Cassini Flyby: Spacecraft’s Closest Approach to Enceladus, Saturn’s Moon, on March 27, 2012

By on Mar 28, 2012 in Announcement, Astronomy, Science, World Comments


Enceladus “E-17” Flyby
Image Credit: NASA/JPL

The Cassini spacecraft had its closest approach to Enceladus, Saturn’s moon on Tuesday, March 27, 2012 11:30 a.m. PDT. This was reported by NASA, March 26, 2012. According to NASA, the Cassini spacecraft flyby is at 74 kilometers or 46 miles closer to Enceladus.

Cassini’s ion and mass spectrometer or Cassini plasma spectrometer instrument (CAPS) will help analyze the composition of the plume coming from Saturn’s moon, Enceladus.

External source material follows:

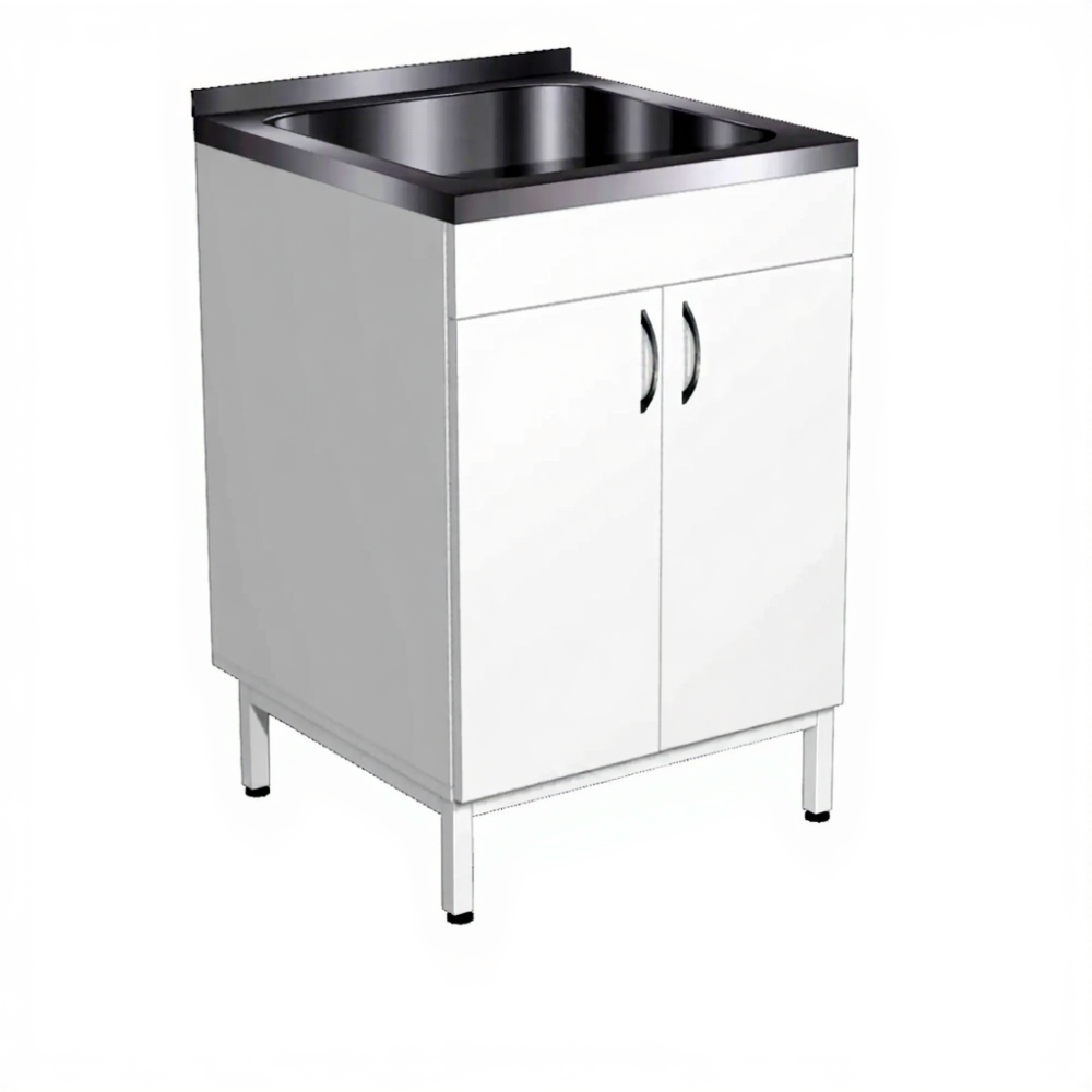 Модуль с мойкой СТм-1 — это компактное и функциональное решение для оборудования рабочих мест в медицинских кабинетах, процедурных и лабораториях. Модель сочетает прочный металлический каркас, корпус из ЛДСП, одночашевую мойку из нержавеющей стали и вместительную двухдверную тумбу.

Launched in 1997, the Cassini’s mission was to explore Saturn’s system. It is a cooperative venture of NASA, and its European and Italian counterparts, NASA said.

Incidentally, this Cassini-Huygens mission received the 2012 National Air and Space Museum Trophy last March 21 for Current Achievement.

Aside from the analysis of Saturn’s and Enceladus’ environment, pictures would also be taken by the onboard cameras made by the NASA’s Jet Propulsion Laboratory.